Some 248 women said they were raped by soldiers in the Democratic Republic of Congo's Sud-Kivu province last month, local medical reports showed Monday, in a region the UN has called the world's "rape capital."
A hospital doctor in Nakiele told AFP that 121 local women reported being the victim of rape on the night of June 11 to 12.
The previous night 55 women reported being violated in nearby Abala, a nurse said, while another health worker said 72 women in the village of Kanguli said they were also raped that night.
Nakiele village chief Losema Etamo Ngoma told AFP that the rapes and looting were committed by at least 150 armed men under the command of national army colonel Nyiragire Kulimushi, also known as "Kifaru".
The soldiers arrived in groups from 11:00 am (09H00 GMT) on June 11, he said, and were told by Kulimushi to find something to eat.
"At about 8:00 pm I heard women's cries everywhere. I asked to meet the colonel but an officer told me I couldn't so I returned home," he said.
"They left the village in the morning at about 5:00 am. I went around the houses and I met women in tears," he said.
The village chief said they told him: "The soldiers raped us."
A 28-year-old mother of two told AFP how two soldiers demanded she open her door before threatening to kill her and then raping her.
"After they left I began being sick," she said.
Kulimushi, who fled a military base south of Nakiele on June 8, is a former member of the Mai Mai tribal militia which integrated into the national army in 2009 following a peace agreement with Kinshasa.

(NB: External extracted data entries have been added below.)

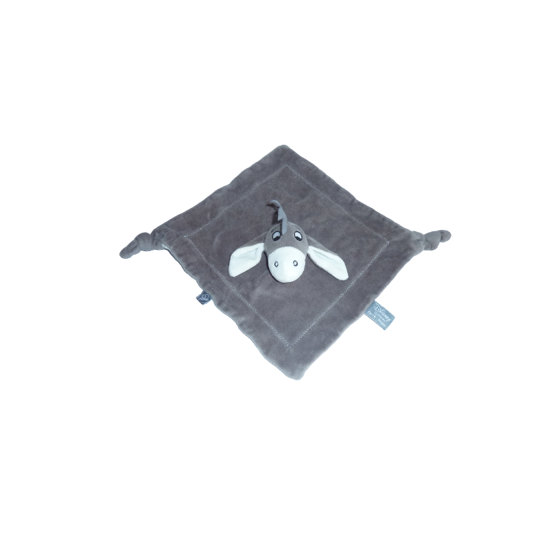 Doudou plat Bourriquet, gris blanc, 2 nouages, 22x22 cm environ. Etat : Neuf sans étiquette boutique. DOUDOU DIFFICILE A TROUVER.
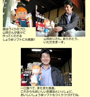 ひとつめのご当地ソフト、しょう油ソフトクリームを販売する鷹取醤油さんも創業100年を超える老舗のお醤油屋さん。お醤油を知り尽くしたプロがバニラとの相性の良さに注目してつくり出したのが、その名もしょうゆソフトというわけなのよ!ああ、早く食べたいよ〜。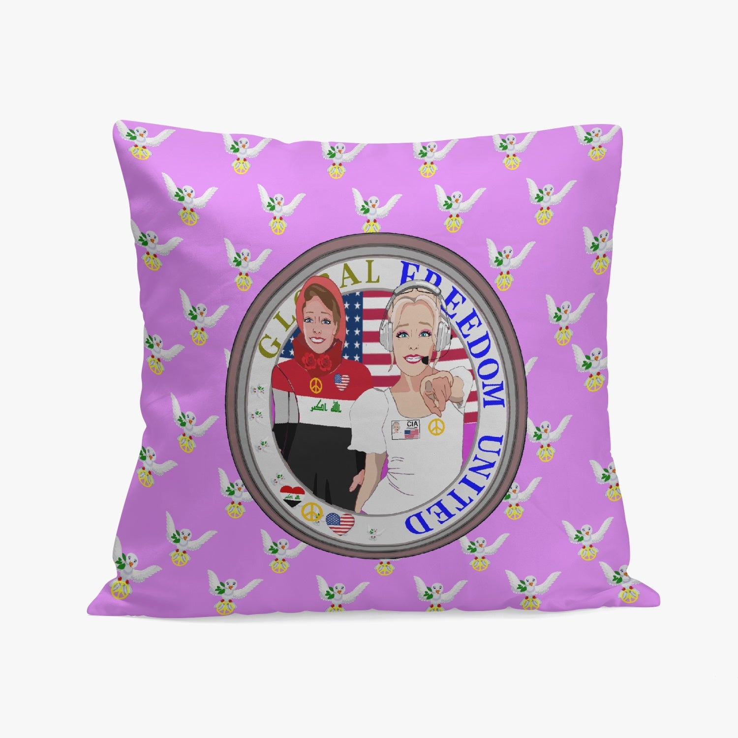 GLOBAL FREEDOM UNITED© Women IRAQ & USA LILAC 18'' Square Pillow Cover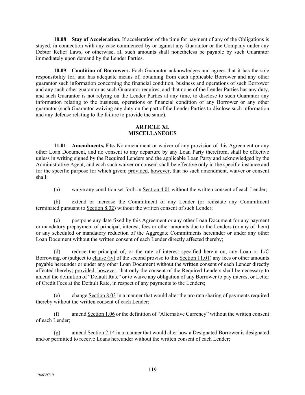 119 194639719 10.08 Stay of Acceleration. If acceleration of the time for payment of any of the Obligations is stayed, in connection with any case commenced by or against any Guarantor or the Company under any Debtor Relief Laws, or otherwise, all such amounts shall nonetheless be payable by such Guarantor immediately upon demand by the Lender Parties. 10.09 Condition of Borrowers. Each Guarantor acknowledges and agrees that it has the sole responsibility for, and has adequate means of, obtaining from each applicable Borrower and any other guarantor such information concerning the financial condition, business and operations of such Borrower and any such other guarantor as such Guarantor requires, and that none of the Lender Parties has any duty, and such Guarantor is not relying on the Lender Parties at any time, to disclose to such Guarantor any information relating to the business, operations or financial condition of any Borrower or any other guarantor (such Guarantor waiving any duty on the part of the Lender Parties to disclose such information and any defense relating to the failure to provide the same). ARTICLE XI. MISCELLANEOUS 11.01 Amendments, Etc. No amendment or waiver of any provision of this Agreement or any other Loan Document, and no consent to any departure by any Loan Party therefrom, shall be effective unless in writing signed by the Required Lenders and the applicable Loan Party and acknowledged by the Administrative Agent, and each such waiver or consent shall be effective only in the specific instance and for the specific purpose for which given; provided, however, that no such amendment, waiver or consent shall: (a) waive any condition set forth in Section 4.01 without the written consent of each Lender; (b) extend or increase the Commitment of any Lender (or reinstate any Commitment terminated pursuant to Section 8.02) without the written consent of such Lender; (c) postpone any date fixed by this Agreement or any other Loan Document for any payment or mandatory prepayment of principal, interest, fees or other amounts due to the Lenders (or any of them) or any scheduled or mandatory reduction of the Aggregate Commitments hereunder or under any other Loan Document without the written consent of each Lender directly affected thereby; (d) reduce the principal of, or the rate of interest specified herein on, any Loan or L/C Borrowing, or (subject to clause (iv) of the second proviso to this Section 11.01) any fees or other amounts payable hereunder or under any other Loan Document without the written consent of each Lender directly affected thereby; provided, however, that only the consent of the Required Lenders shall be necessary to amend the definition of “Default Rate” or to waive any obligation of any Borrower to pay interest or Letter of Credit Fees at the Default Rate, in respect of any payments to the Lenders; (e) change Section 8.03 in a manner that would alter the pro rata sharing of payments required thereby without the written consent of each Lender; (f) amend Section 1.06 or the definition of “Alternative Currency” without the written consent of each Lender; (g) amend Section 2.14 in a manner that would alter how a Designated Borrower is designated and/or permitted to receive Loans hereunder without the written consent of each Lender;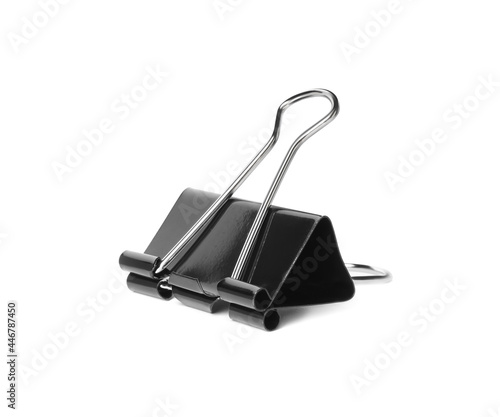 Black binder clip isolated on white. Stationery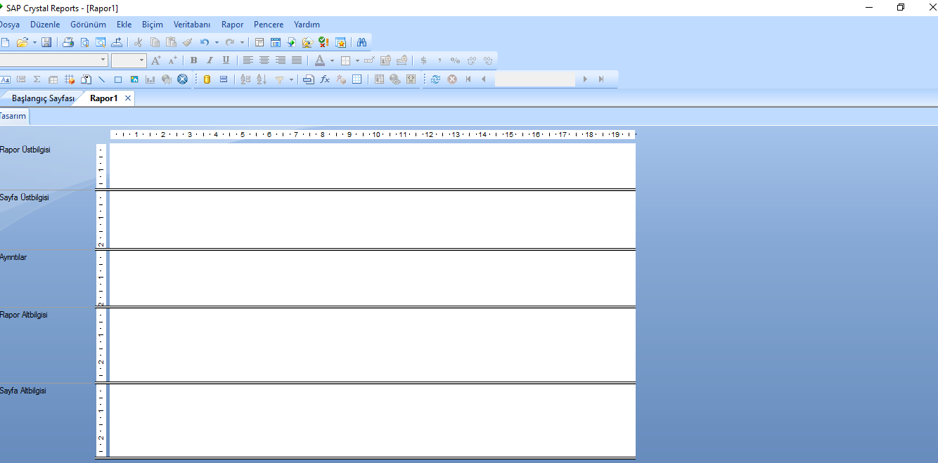 Açılan ilk sayfada sadece tasarım sekmesi (sol üstte) görülmektedir. Onun dışında bir rapor ekranında hangi bölümler olduğuna dair kısımlar mevcuttur. Bunlar ;
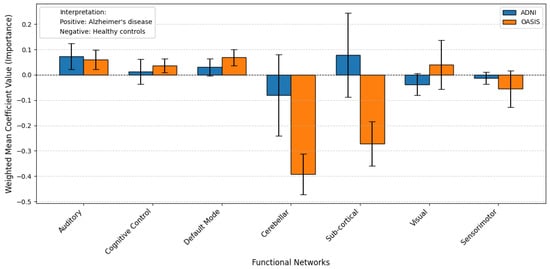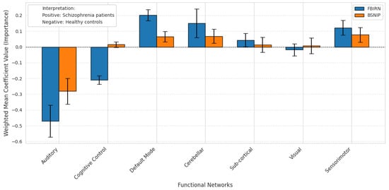 The interpretation of weighted mean coefficient values obtained from our probing framework provides important insights into the model’s reliance on specific brain networks for the three psychiatric conditions under study.

The base at Kanada was created recently following a restructuring of operational forces in the west of the DR Congo, with regiments formed from different militia groups.
Kulimushi, who was until then in charge of a zone in the Fizi area, refused to see his officers excluded from the commanding ranks in the new set-up, according to a military source who did not want to be named.

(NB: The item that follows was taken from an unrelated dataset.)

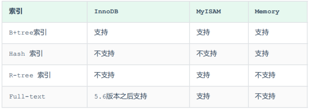 在MySQL中,支持hash索引的是Memory存储引擎。 而InnoDB中具有自适应hash功能,hash索引是InnoDB存储引擎根据B+Tree索引在指定条件下自动构建的。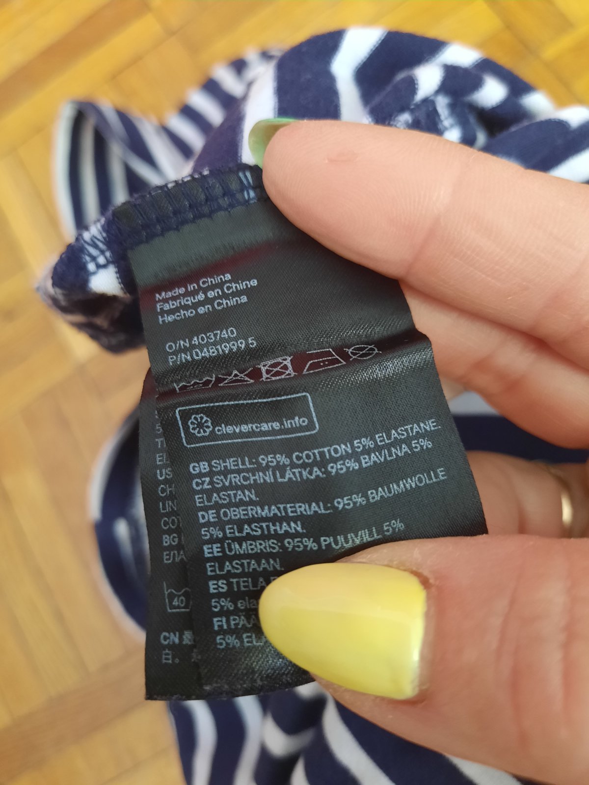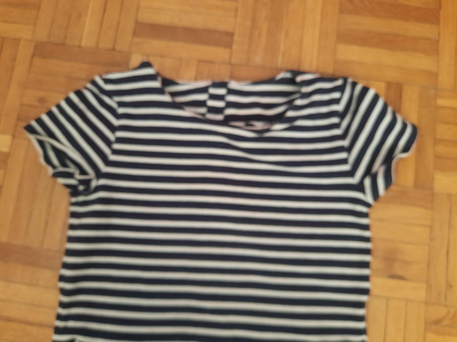 Veľmi pekné pásikavé šaty. V páse sú prestrihnuté, z boku sú vačky. Vzadu je zapínanie na zips. Super stav, elastický úpletový materiál.

Following the attacks government spokesman Lambert Mende said forces were actively looking for Kulimushi and that a special tribunal would be set up to look into the case.
The United Nations, rights groups and foreign governments have long complained about impunity for heinous crimes committed by soldiers in DR Congo.
Margot Wallstrom, the UN's special representative on combating sexual violence in conflict, has in the past called DR Congo the "rape capital" of the world.